A writer can honor fact in fiction just as in nonfiction. Friends, family, pets, locations, events… anyone or anything can be inserted smartly into storytelling, with a wink to those who really know the truth.
Novelists forever juggle fact and fiction, wanting so much to write what they know in real life but worried someone will take issue with it and sue or concerned revealing too much personal information will be a betrayal. You might have a wealth of material to incorporate into a tale to give it a sense of reality but are afraid to use it.
But there is a way to honor fact in fiction. There are ways to take all those feelings, memories, experiences, and people in your life and use them to mold your scenes. While the characters aren’t necessarily from your history, individual exchanges can become part of your fictional characters, with nobody in real life being the wiser. Writing what you know can indeed enrich your fiction with nobody getting hurt in the process.
My mysteries abound with real life, subtly veiled as make believe. In my own way I honor people who’ve impacted my life, because inserting them into stories not only preserves them but also protects my own history, reminding me of moments that defined me.
Lowcountry Bribe is my first novel, the debut for the Carolina Slade Mystery Series. The story begins as an event that actually took place: I was offered a bribe and participated in an investigation that went sideways. For obvious reasons, I had to disguise many factions of that case. But I inserted many other pieces of my life to give it flavor, in honor of those I know and love, to include the man I eventually married. It’s like keeping a journal with enough details changed to make people wonder what part of the book is real and which part is imagination.
On a tense scene on a front porch, Carolina Slade has a heart-to-heart with her newly separated husband about how their lives would change. Behind the door, her father stands guard, gun in hand, ready to deal with her daughter’s spouse if the need arises. I remember thinking of my own father as a hero during my own similar situation. Today he’s in his eighties. One day when he’s gone, I’ll read that scene and remember the knight in shining armor.
In the same book, Slade recalls her grandfather seated at a Formica table, much like one she finds in an abandoned farm house where a farmer recently died. The floor is worn where the poor, lone farmer sat day in and day out, eating meals by himself, until he succumbed to age. I inserted a fond memory of when my own grandfather sat at such a table, in his own farm house, my little sister on his lap. He taught her how to drink coffee cooled on a saucer, slurp it, smack in delight, and then say “Damn that’s good!” He’d reward her with a nickel to say it in front of my mother. The situation fit so well in that chapter, drawing the protagonist back into her own memories, allowing her to distance herself from the stress of the case to relive a childhood moment, if only for a few seconds.
The truth and the story-telling, the fact and the fiction. They can entwine until one cannot tell the difference. Fueling your story with snippets of life instills three-dimensional depth, allowing you to sink into the tale, feeling it as reality around you as you attempt to mold a novel. These reality instances empower you, enabling you to more fully explore what is needed for a complete scene.
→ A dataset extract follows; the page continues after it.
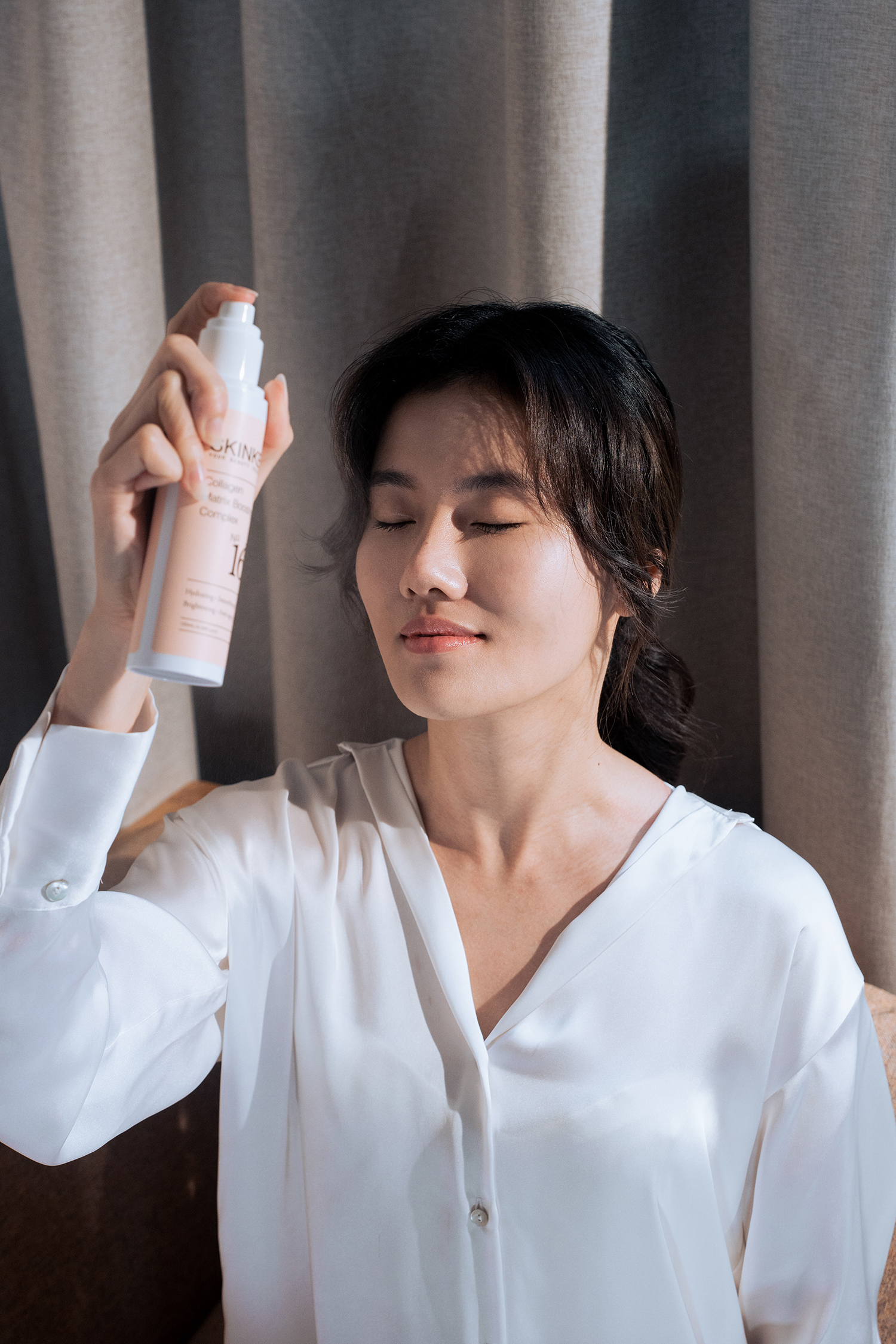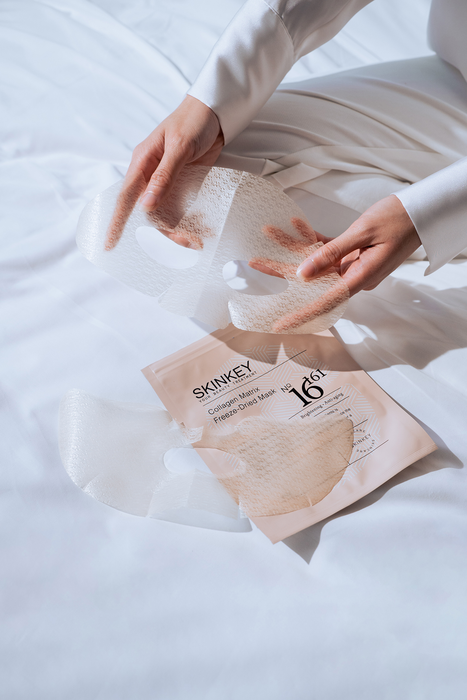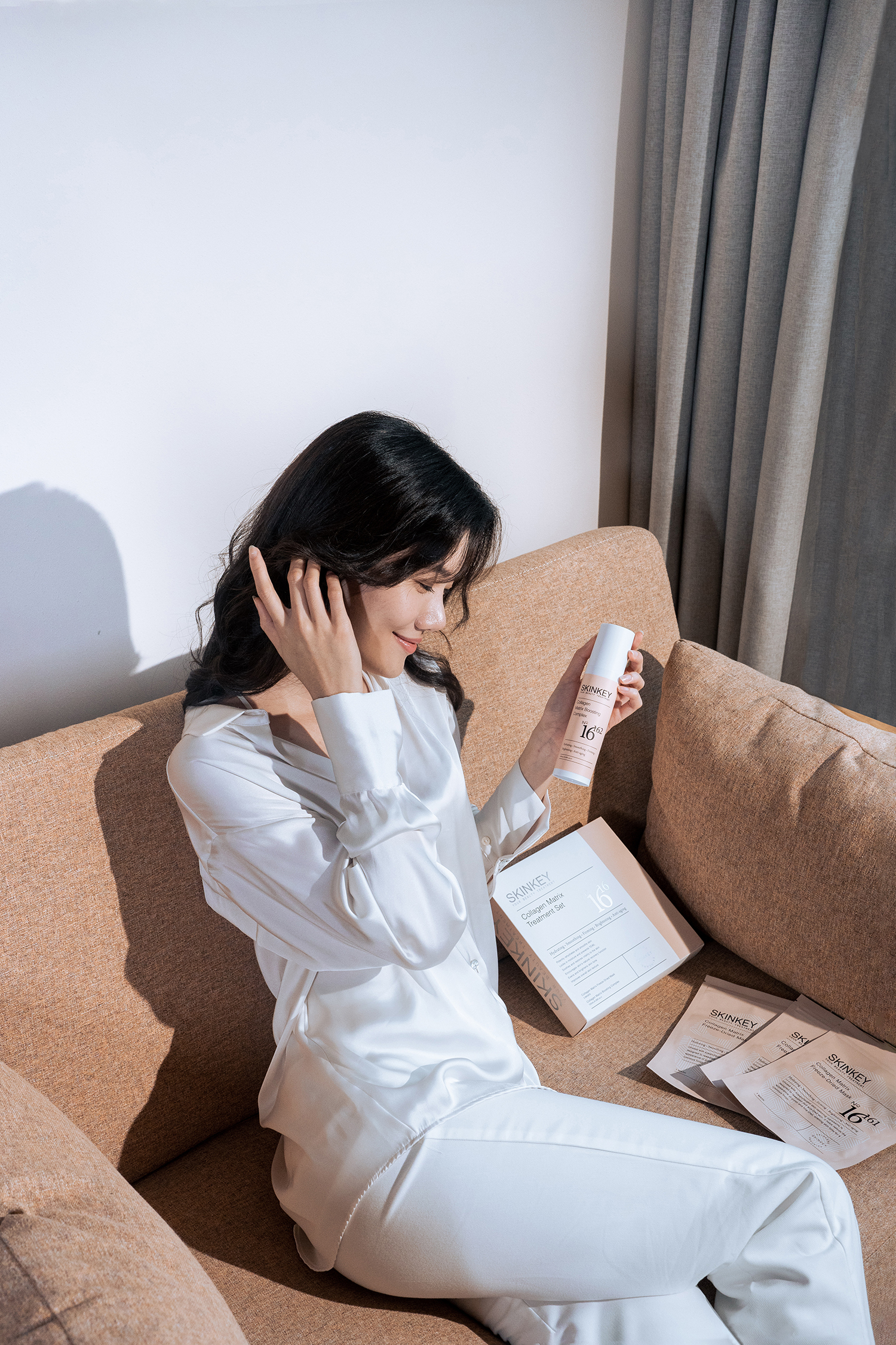 想要發揮最大功效的話,必須同時使用 SKINKEY「隱形雙膠原凍乾網膜」及「注水煥膚精華」,以協同作用回復肌膚飽滿彈性,並喚醒暗沉及疲倦肌。就算平時有注意肌膚膠原的重要性,但都很難避免其流失。而面膜加上精華則有著「納豆膠原蛋白+水解膠原蛋白」雙重膠原,品牌的包覆技術更能封存 100% 活性膠原因子,為肌膚注入滿滿的膠原,就算是素顏,看起來都充滿細膩彈滑的感覺。

My mother’s cooking, my son’s defiant behavior as a child, and even the name Slade. A strong name. A name with very defined roots in my family’s genealogy. Using that special family name, even noting in the tale that it was my Mississippi grandmother’s maiden name on my mother’s side, I’ve left a piece of my legacy in print for my progeny to pass on.
Honoring people in fiction doesn’t have to entail a poignant or nostalgic memory, though. In writing my latest release, Murder on Edisto, I recall an argument between one of my best friends and my husband. She’s a free spirit and he’s law enforcement. When it comes to locks, she’s of the mind that strong security is welcoming danger into your life, as if embracing the negativity. Of course, security is a necessity in his world. To listen to the two go at it for an hour was humorous, especially knowing neither would convince the other to relinquish their polar position. As a nod to their beliefs, the conversation found its way into the story.
The list goes on and on. A writer can honor her world in fiction just as in nonfiction. Friends, family, pets, locations, events… anyone or anything can be inserted smartly into storytelling, with a wink to those who really know the truth.